The Gold Contrarian Bet, As Gold Bugs and Paulson Get Slaughtered

November 23, 2013 by Jon C. Ogg

What happens when everyone hates an investment or when everyone likes an investment? A contrarian investor would say it is time to go the other way. Gold has gone from shinola to you know what in 2013. It seems like everyone hates gold or doesn’t want to hear about it anymore. A contrarian might start thinking differently.

So, what is happening so badly in gold? The latest trends from the World Gold Council seem to not offer any great outlook. News came out late this last week that hedge fund manager and billionaire John Paulson has told customers that he would not be buying more gold.

Paulson got rich betting heavily against mortgages and the housing market, when many people just couldn’t get enough of the housing market.

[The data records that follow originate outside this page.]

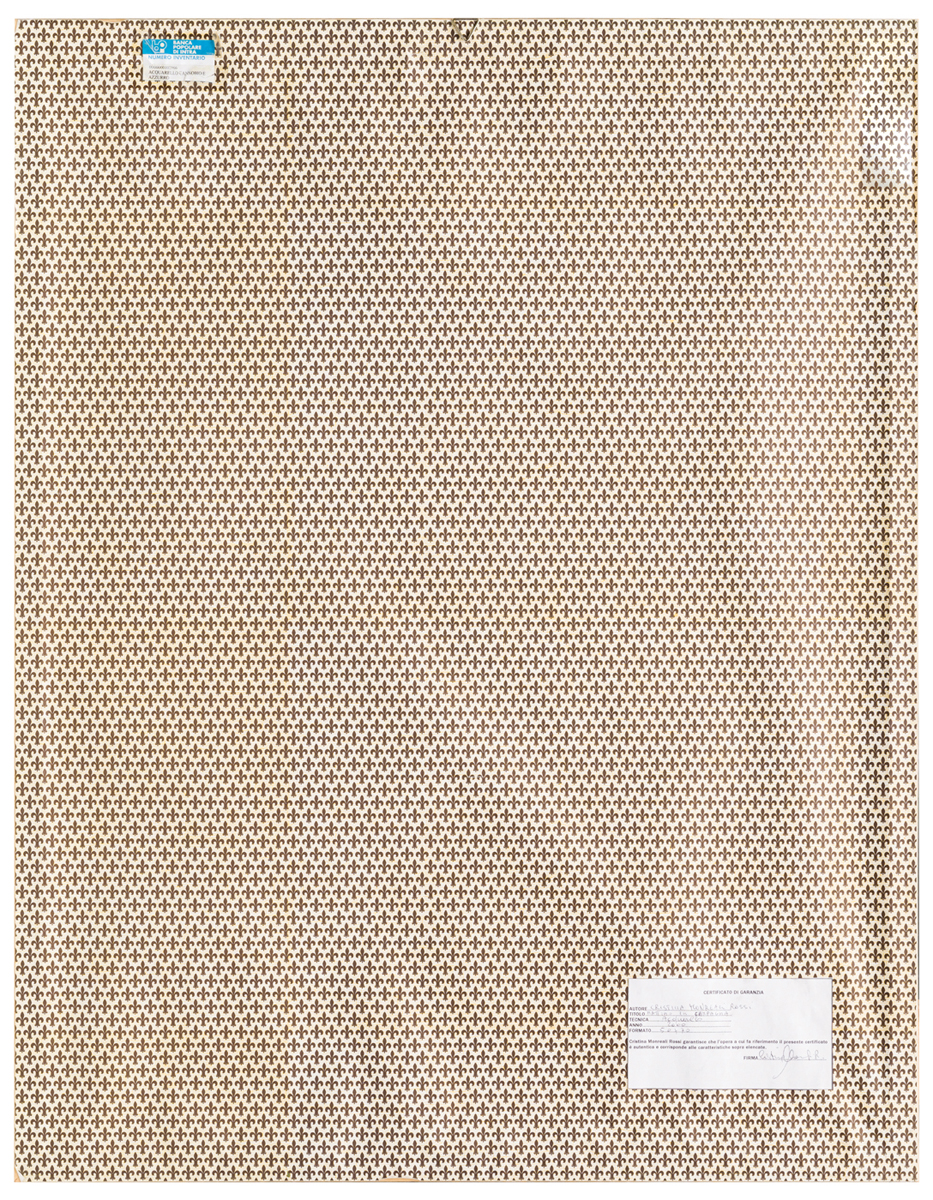 Certificati: sul verso, certificato di autenticità con nome dell’artista, titolo, tecnica, anno, dimensioni, firmato dall’artista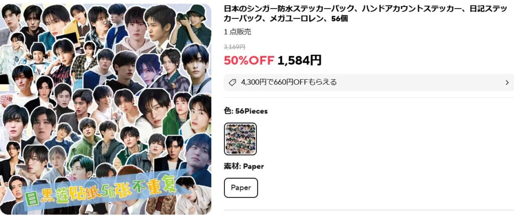 しかも、この方のステッカーの販売価格は、アリエクスプレスで販売されている肖像権侵害ステッカーの中ではかなり強気でして、他の5倍から7倍のお値段で売られております。
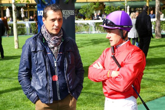Un papa sans doute heureux de son déplacement à Longchamp, Raphaël Delozier, en discussion avec Olivier Peslier, a pu voir Lukas gagner le Prix de la Seine.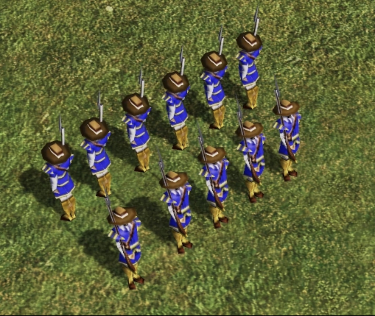 The Soldado replaces the Musketeer and is unique to the Mexicans. It is available starting in the Commerce Age and, like the Musketeer, is effective against cavalry and shock infantry but weak against light infantry. Soldados are stronger and have a fast bayonet attack, but slower to train and take up two population slots rather than just one.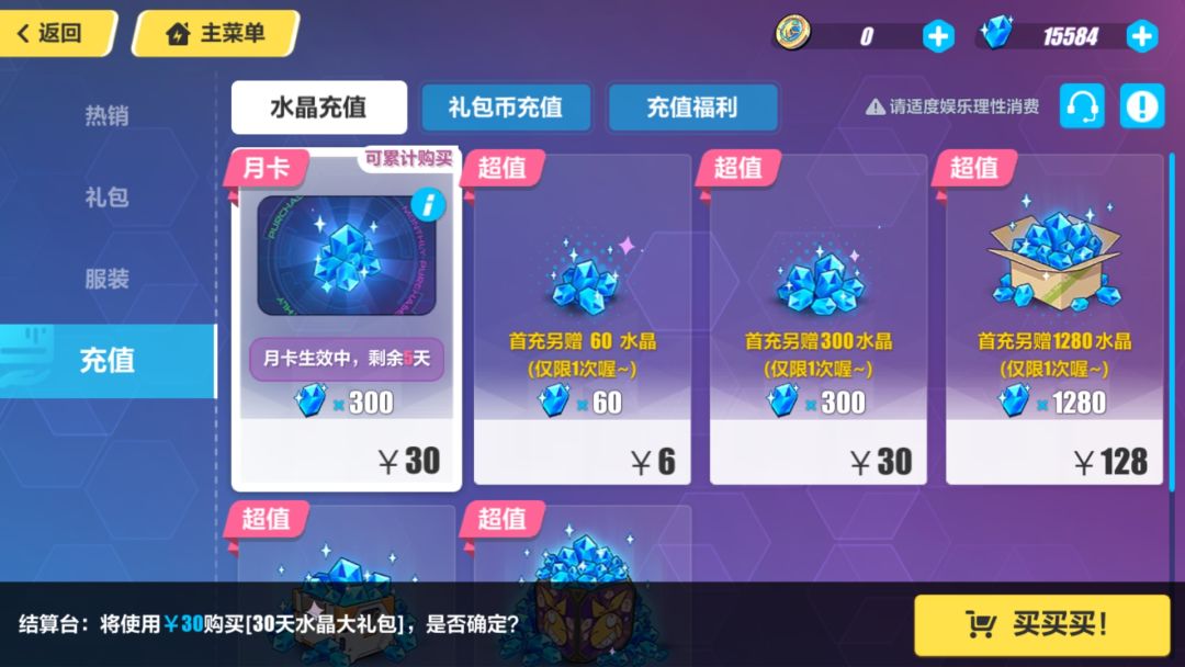 (月卡可直接买。有一点必需记住:月卡买后必须每天登陆领取才能达到以3100水。缺一天不领就会直接划掉当天的水晶奖励,故购买月卡的务必日登一次。)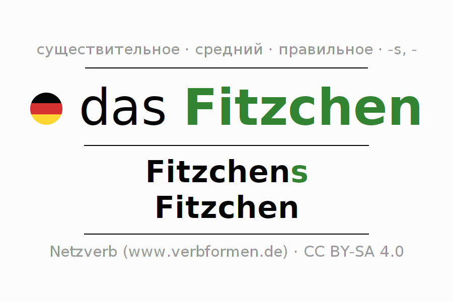 - Единственное число: das Fitzchen, des Fitzchens, dem Fitzchen, das Fitzchen
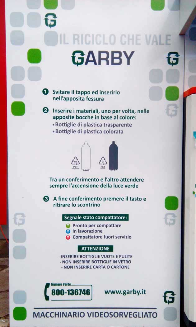 Si tratta di una macchina “mangiarifiuti” differenziati, un vero e proprio compattatore (di bottiglie in Pet) il quale, in cambio dello smaltimento differenziato, rilascia uno scontrino a punti, uno per ogni pezzo conferito, ed i punti accumulati valgono un buono sconto presso l’attività che ospita il macchinario.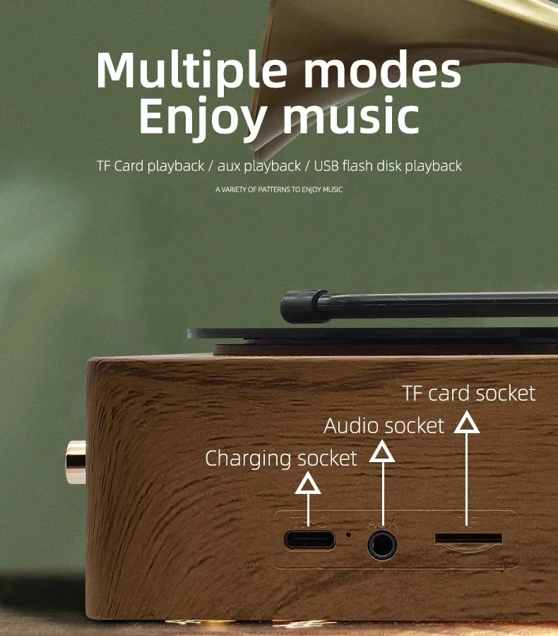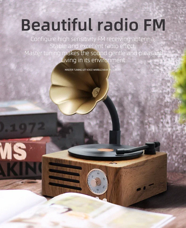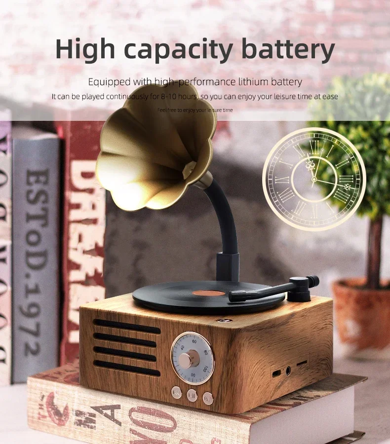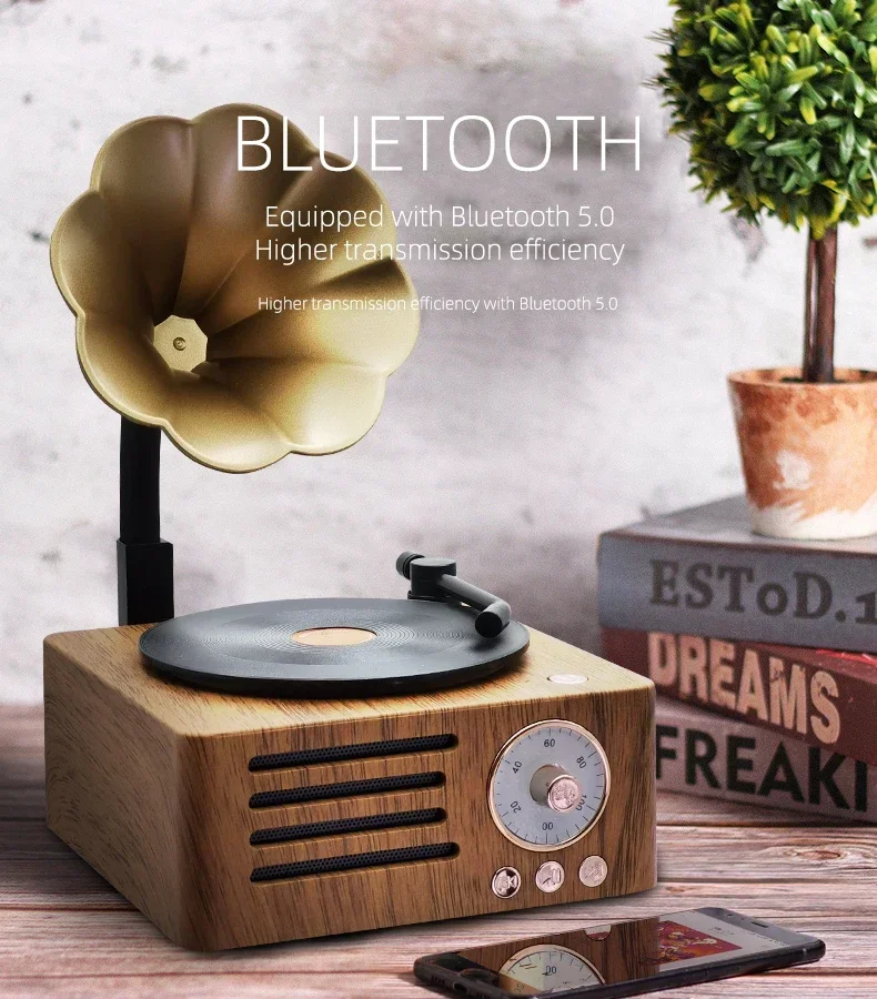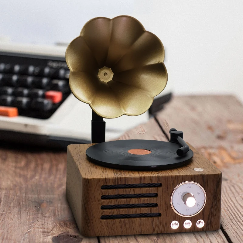 Ретро-граммофон форма Bluetooth динамик портативный ящик беспроводной динамик открытый для звуковой системы ТФ фм радио музыка MP3 сабвуфер

He took a very contrarian angle, and this is a bit ironic that such an iconic contrarian might end up being a contrarian indicator at the same time.

Take the case of the Market Vectors Gold Miners ETF (NYSE: GDX). The chart appears to be at a five-year low after peaking in 2011. This ETF is on the miners rather than gold itself, but it signals peak selling in the entire group of those who go out and mine that gold for the world. This ETF is down by two-thirds from its peak. It is hard to believe, but the miners are now close to challenging their panic-selling troughs from late in 2008 and early in 2009.

Then the SPDR Gold Shares (NYSE: GLD) is not at 5-year lows. In fact, it is still up about 50% from its lows even if it has lost one-third of its value from the 2011 peak. This ETF, or trust, is still close to 10.23 million shares in Paulson Management’s portfolio. The value of this entire trust was $34.3 billion based upon holding 856.71 tonnes of gold.

The reality is that most people who are telling you to still buy gold are doing it because of the fundamental reasons or based upon charts. Central banks are printing endless money. Interest rates are super low. Currencies have lower intrinsic value. Strong chart support is within 5% of the current price. And on and on.

We are not telling you to buy gold, but a true contrarian would be keeping his or her eyes open on the hunt.